[Start of Attachment]

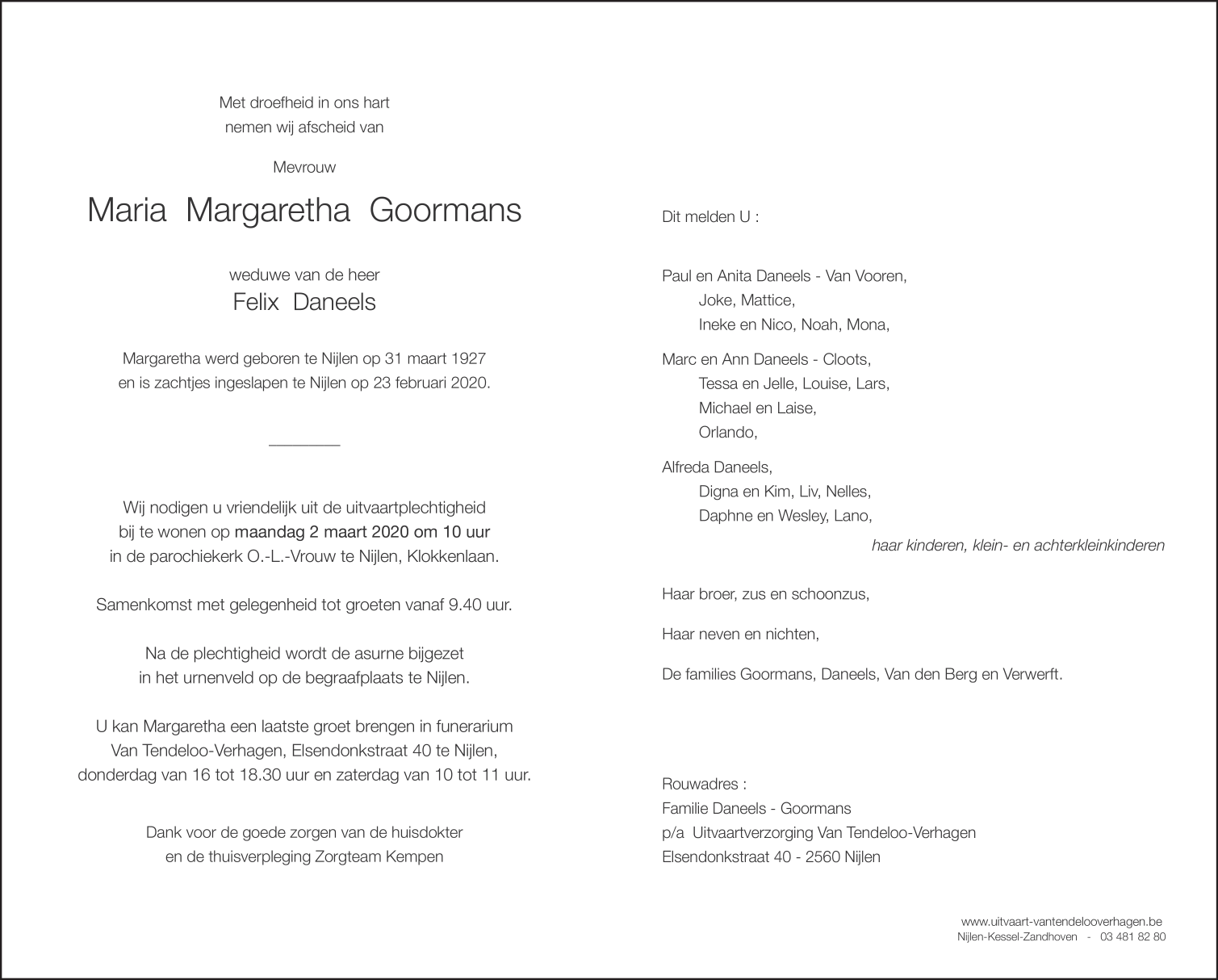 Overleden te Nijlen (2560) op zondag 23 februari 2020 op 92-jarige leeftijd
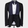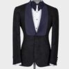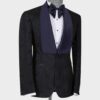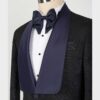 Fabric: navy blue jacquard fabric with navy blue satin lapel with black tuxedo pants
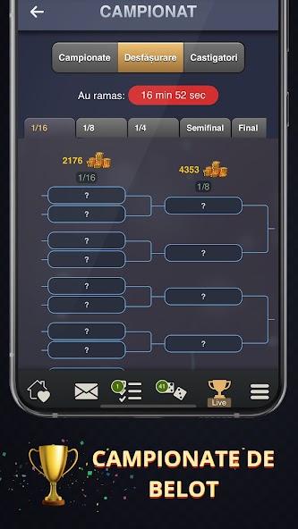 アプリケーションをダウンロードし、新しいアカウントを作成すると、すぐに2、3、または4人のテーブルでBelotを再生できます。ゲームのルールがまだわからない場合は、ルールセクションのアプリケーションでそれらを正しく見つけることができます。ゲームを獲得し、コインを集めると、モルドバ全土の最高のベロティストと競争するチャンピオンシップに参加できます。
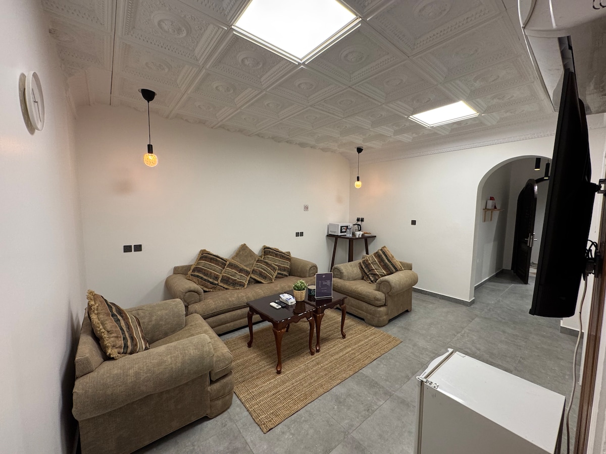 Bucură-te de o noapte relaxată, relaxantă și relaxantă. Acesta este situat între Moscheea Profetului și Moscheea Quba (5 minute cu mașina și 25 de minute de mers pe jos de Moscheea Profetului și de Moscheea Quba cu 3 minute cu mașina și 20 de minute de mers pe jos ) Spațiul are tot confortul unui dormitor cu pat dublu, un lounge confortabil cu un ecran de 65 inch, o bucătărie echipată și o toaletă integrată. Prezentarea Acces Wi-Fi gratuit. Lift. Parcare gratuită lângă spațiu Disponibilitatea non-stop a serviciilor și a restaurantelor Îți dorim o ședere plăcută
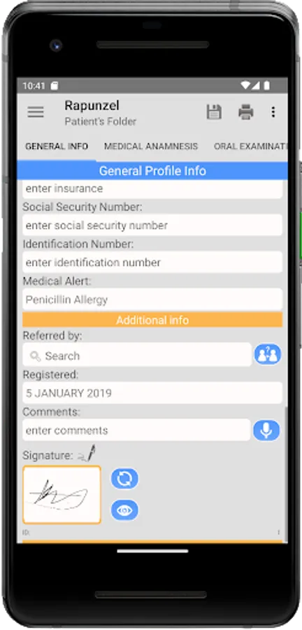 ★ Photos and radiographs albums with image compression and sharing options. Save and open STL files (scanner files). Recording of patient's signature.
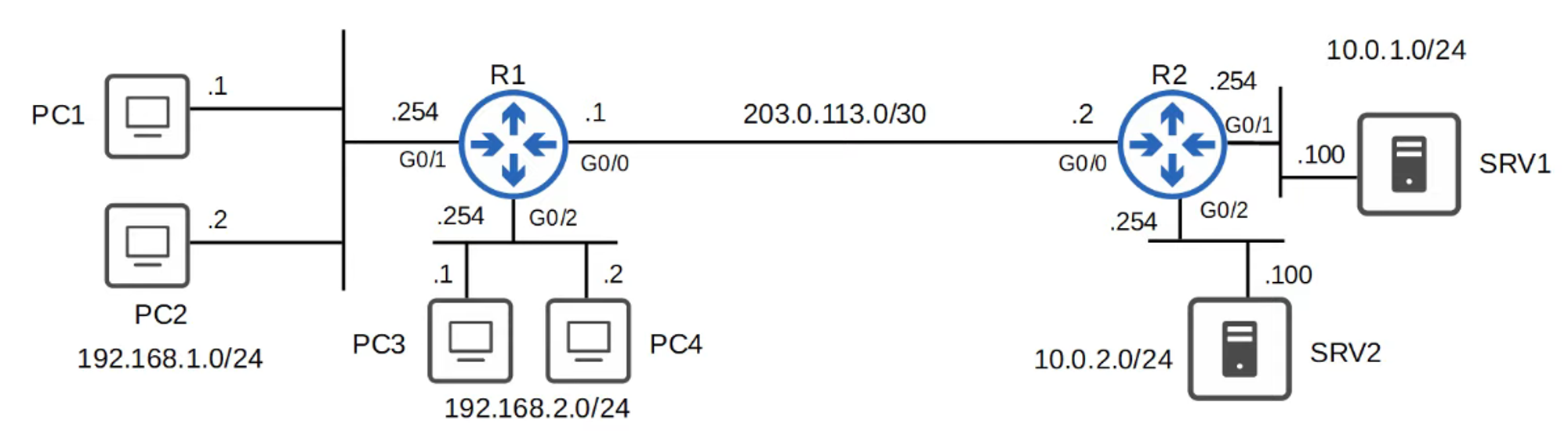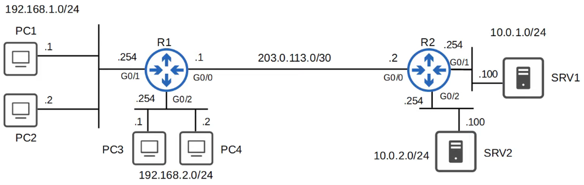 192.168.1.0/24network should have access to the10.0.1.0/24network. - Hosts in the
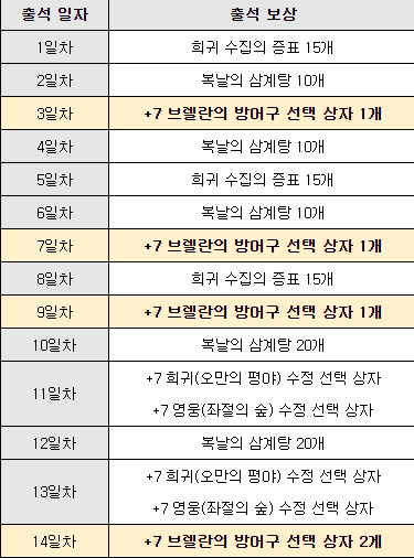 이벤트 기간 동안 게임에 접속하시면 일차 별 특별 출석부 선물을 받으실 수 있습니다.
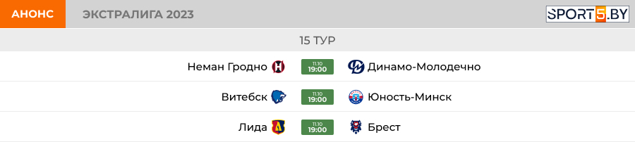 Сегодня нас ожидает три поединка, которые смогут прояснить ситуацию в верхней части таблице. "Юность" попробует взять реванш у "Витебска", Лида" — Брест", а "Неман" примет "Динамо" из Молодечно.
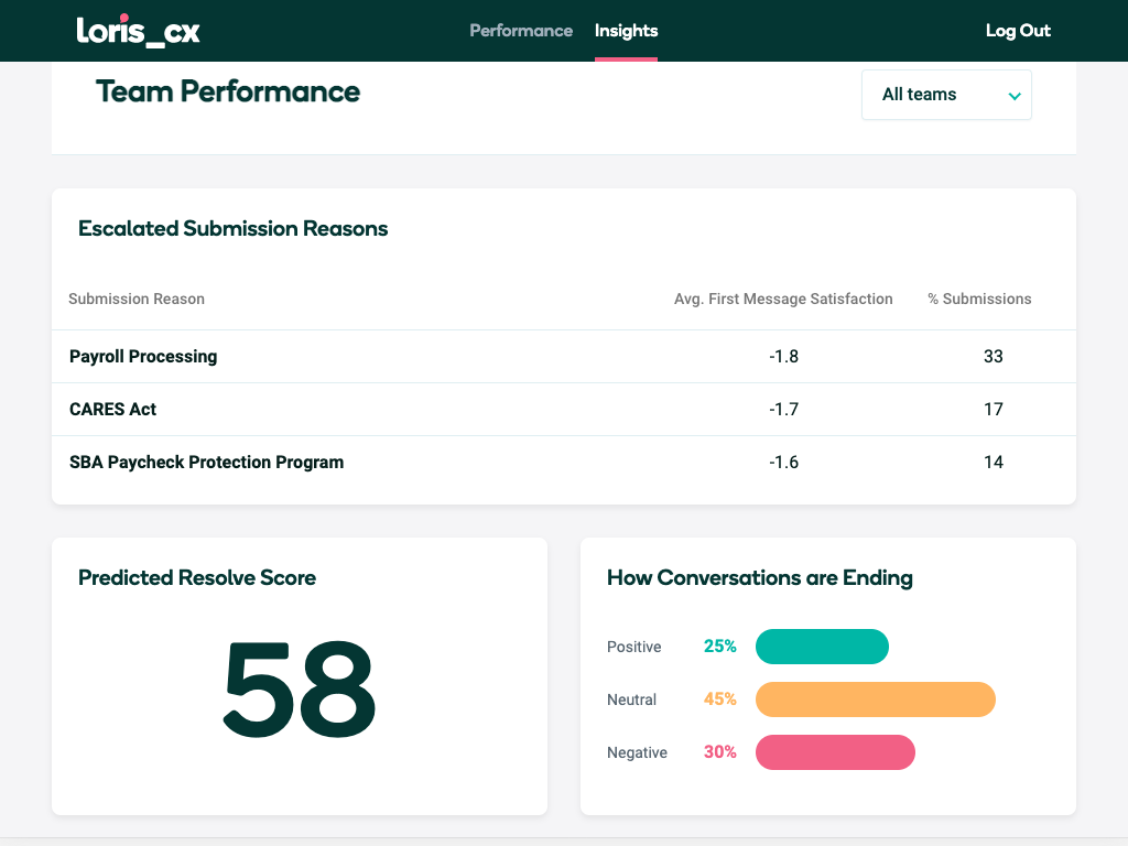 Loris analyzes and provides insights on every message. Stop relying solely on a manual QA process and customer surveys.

[End of Attachment]

■ Task statement ■
Transcribe the records above exactly, omitting every picture they contain.

■ Answer below ■
 Overleden te Nijlen (2560) op zondag 23 februari 2020 op 92-jarige leeftijd
 Fabric: navy blue jacquard fabric with navy blue satin lapel with black tuxedo pants
 アプリケーションをダウンロードし、新しいアカウントを作成すると、すぐに2、3、または4人のテーブルでBelotを再生できます。ゲームのルールがまだわからない場合は、ルールセクションのアプリケーションでそれらを正しく見つけることができます。ゲームを獲得し、コインを集めると、モルドバ全土の最高のベロティストと競争するチャンピオンシップに参加できます。
 Bucură-te de o noapte relaxată, relaxantă și relaxantă. Acesta este situat între Moscheea Profetului și Moscheea Quba (5 minute cu mașina și 25 de minute de mers pe jos de Moscheea Profetului și de Moscheea Quba cu 3 minute cu mașina și 20 de minute de mers pe jos ) Spațiul are tot confortul unui dormitor cu pat dublu, un lounge confortabil cu un ecran de 65 inch, o bucătărie echipată și o toaletă integrată. Prezentarea Acces Wi-Fi gratuit. Lift. Parcare gratuită lângă spațiu Disponibilitatea non-stop a serviciilor și a restaurantelor Îți dorim o ședere plăcută
 ★ Photos and radiographs albums with image compression and sharing options. Save and open STL files (scanner files). Recording of patient's signature.
 192.168.1.0/24network should have access to the10.0.1.0/24network. - Hosts in the
 이벤트 기간 동안 게임에 접속하시면 일차 별 특별 출석부 선물을 받으실 수 있습니다.
 Сегодня нас ожидает три поединка, которые смогут прояснить ситуацию в верхней части таблице. "Юность" попробует взять реванш у "Витебска", Лида" — Брест", а "Неман" примет "Динамо" из Молодечно.
 Loris analyzes and provides insights on every message. Stop relying solely on a manual QA process and customer surveys.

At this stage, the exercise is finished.